Maybe that's the wrong way to think about it. Perhaps the path to AGI involves adding layers to models that augment their abilities. But even then, this particular set optimizations seems to be a dead end.

Grigori avramidi's avatar

The point of a political attack ad is not to make people better about your candidate, it is to make them feel worse about the other guy. And openai is more exposed to consumers than anthropic.

Joanny Raby's avatar

about "Language Models Don’t Offer Mundane Utility" (medical advice paper), what's interesting/funny about the study is that the humans were the failure point, mostly. I'm unsure whether new models would be better at holding their hands:

"Despite LLMs alone having high proficiency in the task, the combination of LLMs and human users was no better than the control group in assessing clinical acuity and worse at identifying relevant conditions"

Mark's avatar

Re Asimov poll: I'm surprised that as many as ~40% of your readers report to "working in AI in some capacity" - that is huge.

TR02's avatar

Maybe a bunch of respondents misinterpreted it as "work *with* AI"? So they don't develop frontier generative models, but they do train machine classifiers, or they routinely use Claude Code at work, and they took that as enough to answer "yes"?

Either that or massive responder bias.

Victualis's avatar

Would it really be surprising if the most thorough weekly general coverage of AI were to draw much of its readership from those working in AI?

Kevin's avatar

Advertising is tricky, because I personally prefer to pay for the ad-free version of pretty much any product. But it clearly provides a lot of value to the world, both in all of the free products that people who can't afford a subscription get to use, and also because new businesses need a way to contact potential customers.

I think the world would be better off if people generally have access to a free, ad-supported version of the best AI tools out there. This goes for both the chat interface and the coding interface. I feel a little bad when I can afford a $200/month subscription and someone else can't and therefore I get to have more knowledge than them, and I get to build software faster than they can.

So I am actually hoping that ads will work. Obviously they corrupt some of the incentives but it really is a good thing that e.g. everyone got to use the same Google search in the pre-AI era.

Imperu's avatar

> It’s quoted in full here since no one ever clicks links.

I generally click on links, because I like to read more text. I don't click when the link is to x.com or youtube.

vectro's avatar

> AI services can mitigate this a lot by offering a robust instant deletion option

Note that Gemini already does have this, it is called "temporary chats". https://support.google.com/gemini?p=temp_chats

vectro's avatar

> The article I saw this in mentioned the last tech company to do this was Motorola.

Note that Motorola is still paying coupons on its century bond! Whereas if you had bought the equity I think you would be quite sad about that choice today.

Odd anon's avatar

> Matt Yglesias thinks out loud about AI consciousness

This piece is from 2022?

Jeffrey Soreff's avatar

"I wouldn’t call it faking continual learning.
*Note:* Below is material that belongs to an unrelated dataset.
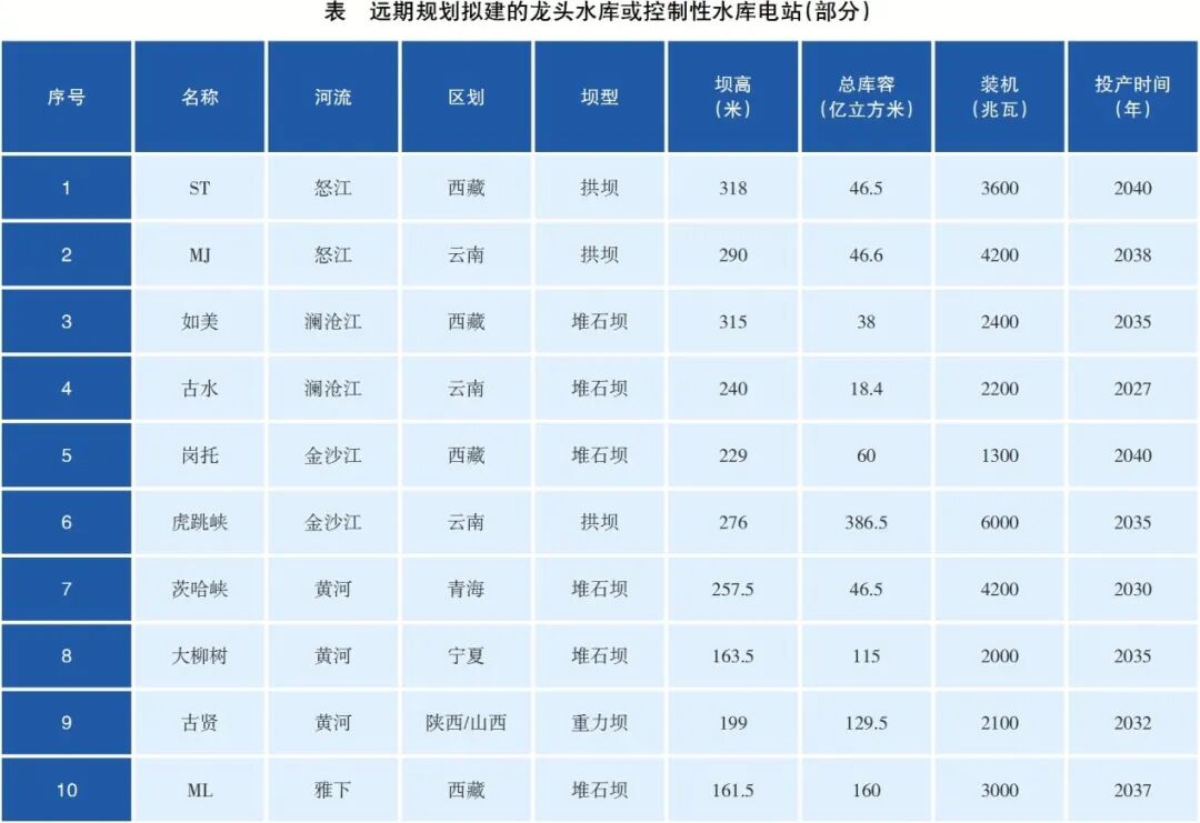 一是積極推動(dòng)雅魯藏布江下游水電開(kāi)發(fā),推動(dòng)西藏清潔能源基地開(kāi)發(fā)論證;二是加快河流龍頭水庫(kù)或控制性水庫(kù)建設(shè)(見(jiàn)表),增強(qiáng)梯級(jí)綜合利用效益;三是推動(dòng)水電基地升級(jí)為更大規(guī)模的水風(fēng)光儲(chǔ)一體化清潔能源基地,加快流域水風(fēng)光儲(chǔ)互補(bǔ)開(kāi)發(fā)規(guī)劃論證,推動(dòng)水電機(jī)組改造和擴(kuò)機(jī);四是在加快建設(shè)抽水蓄能電站的同時(shí),推動(dòng)梯級(jí)水電儲(chǔ)能工廠建設(shè),因地制宜配置新型儲(chǔ)能。

If it works it’s continual learning."

<mildSnark>

Is this the AI systems version of Searles's "Chinese Room" thought experiment? :-)

</mildSnark>

More seriously - there is a question about whether the generalization done in training neural net weights has an analog (better? worse?) in non-weight storage approaches.

Anthony Bailey's avatar

Second story seems a bad take, probably want to fix.

You've blamed the academic. But tey published publicly to arxiv in April 2024 and submitted to Nature the next month.

They did fine. Blame only the downstream system.

icarus91's avatar

> You are allowed to have a GPT-5.21.

Not unless you first release GPT-5.3, GPT-5.4, ..., GPT-5.19, GPT-5.20. But GPT-5.2.1 is allowed.